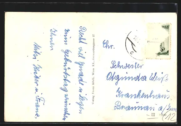 alte Ansichtskarte, gelaufen, Briefmarke entfernt, Eckknick unten li., guter Zustand
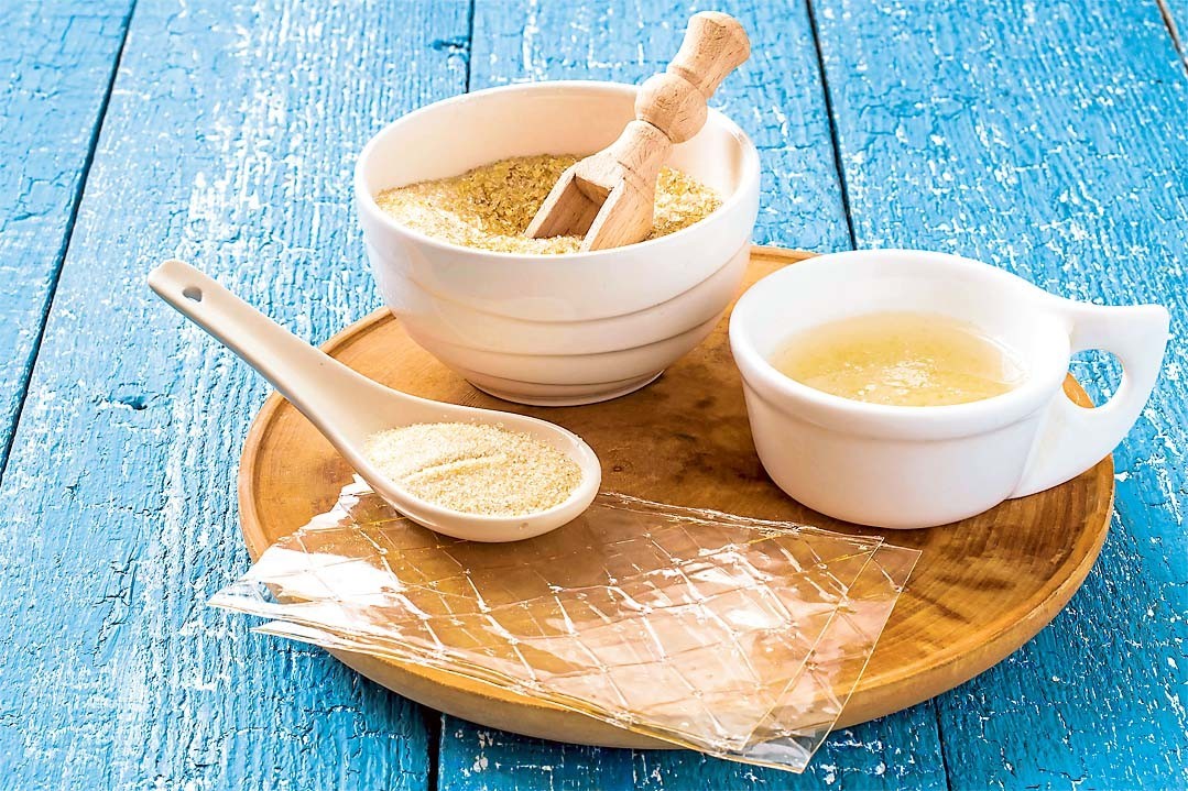 2 ст. л. быстрорастворимого желатина залей 6 ст. л. чуть теплой воды. Оставь на 20 минут для разбухания. В процессе помешивай, чтобы не было комков. Добавь 1,5 ст. л. любой маски для волос без силиконов. Наноси на чистые, подсушенные полотенцем волосы, отступая 5 см от корней. Укутай голову полотенцем, держи 40 минут. Можешь прогреть феном.
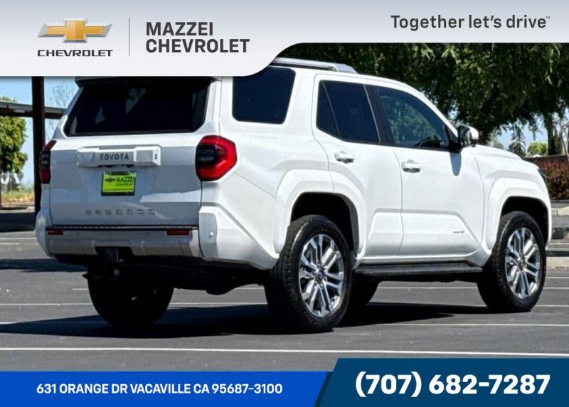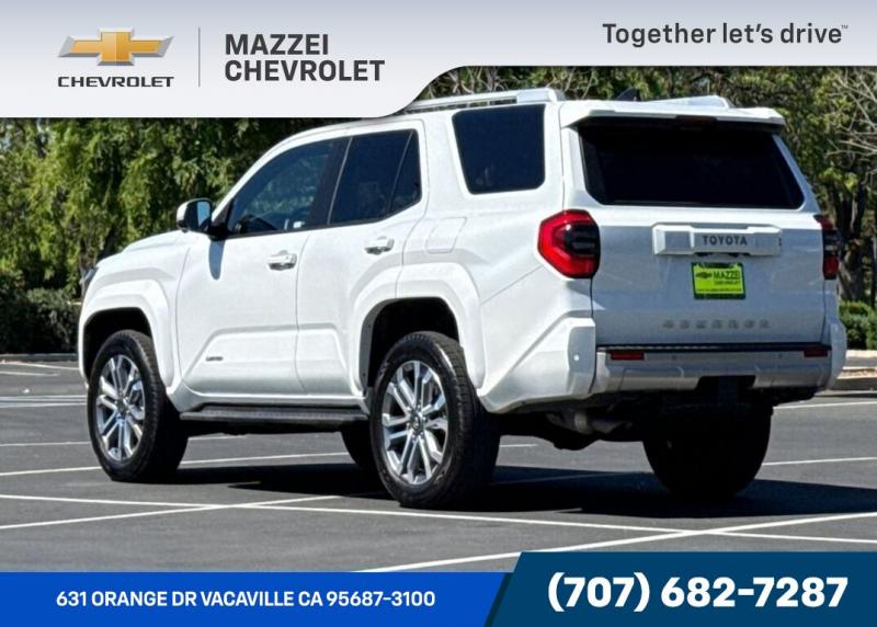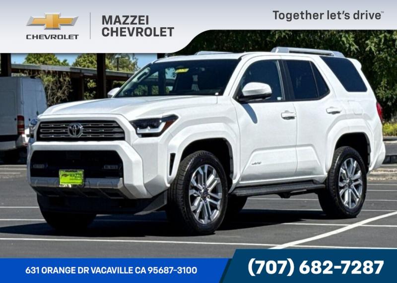 Thank you for considering Mazzei Chevrolet your family / veteran owned and operated dealership.2025 Toyota 4Runner Limited CARFAX One-Owner. Clean CARFAX. Blue tooth, Back UP Camera, Third Row Seating, One Owner CARFAX, Prior Personal Lease Vehicle, 4Runner Limited, 4D Sport Utility, 2.4L 4-Cylinder, 4WD, Portobello w/Leather Seat Trim, ABS brakes, Active Cruise Control, Alloy wheels, Compass, Electronic Stability Control, Front dual zone A/C, Heated & Ventilated Front Bucket Seats, Heated door mirrors, Heated front seats, Illuminated entry, Leather Seat Trim, Low tire pressure warning, Navigation System, Power moonroof, Remote keyless entry, Traction control.
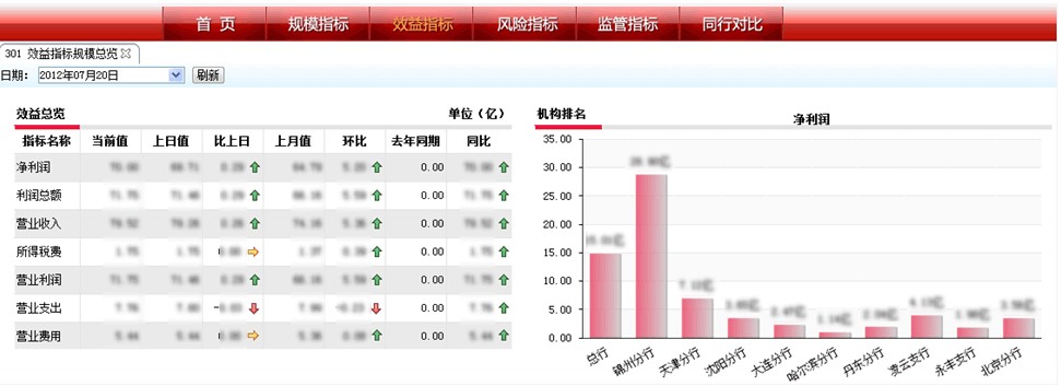 領(lǐng)導駕駛艙是對于管理者開放的模塊,包括管理者日常工作中最關(guān)注的指標,并且通過直觀的圖形的方式展示,便于管理者快速了解銀行的經(jīng)營狀況以及進行風險的預警。
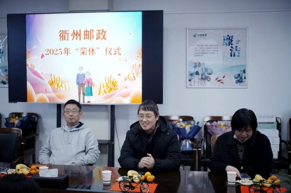 12月25日下午,衢州市分公司為2025年下半退休員工舉辦了榮休儀式,衢州市分公司黨委書(shū)記、總經(jīng)理詹旭波、工會(huì)副主席戚偉芬以及退休員工所在部門(mén)負(fù)責(zé)人參加。
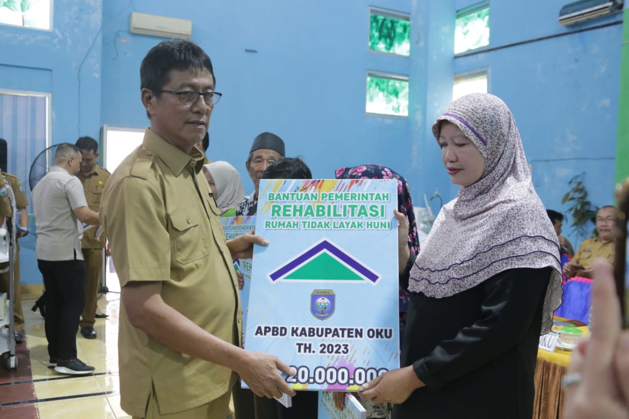 Program bantuan Rehabilitasi RTLH diserahkan secara simbolis oleh Asisten II Setda OKU H Hasan HD didamping Kepala Dinas PU Perkim Ir H Ulia Mahdi MM dalam kegiatan Musrenbang Kecamatan Baturaja Timur, Selasa (28/2/2023) sore kemarin. “Saat ini masih proses pembangunan,” kata Kepala Dinas PU Perkim Ir H Ulia Mahdi MM saat dibincangi awak media.

What to work on: Please output, exactly as written, the lines above from the one holding "領(lǐng)導駕駛艙是對于" through the one holding "12月25日下午,衢州市分公", both included, with the pictures omitted.

Completed exercise:
 領(lǐng)導駕駛艙是對于管理者開放的模塊,包括管理者日常工作中最關(guān)注的指標,并且通過直觀的圖形的方式展示,便于管理者快速了解銀行的經(jīng)營狀況以及進行風險的預警。
 12月25日下午,衢州市分公司為2025年下半退休員工舉辦了榮休儀式,衢州市分公司黨委書(shū)記、總經(jīng)理詹旭波、工會(huì)副主席戚偉芬以及退休員工所在部門(mén)負(fù)責(zé)人參加。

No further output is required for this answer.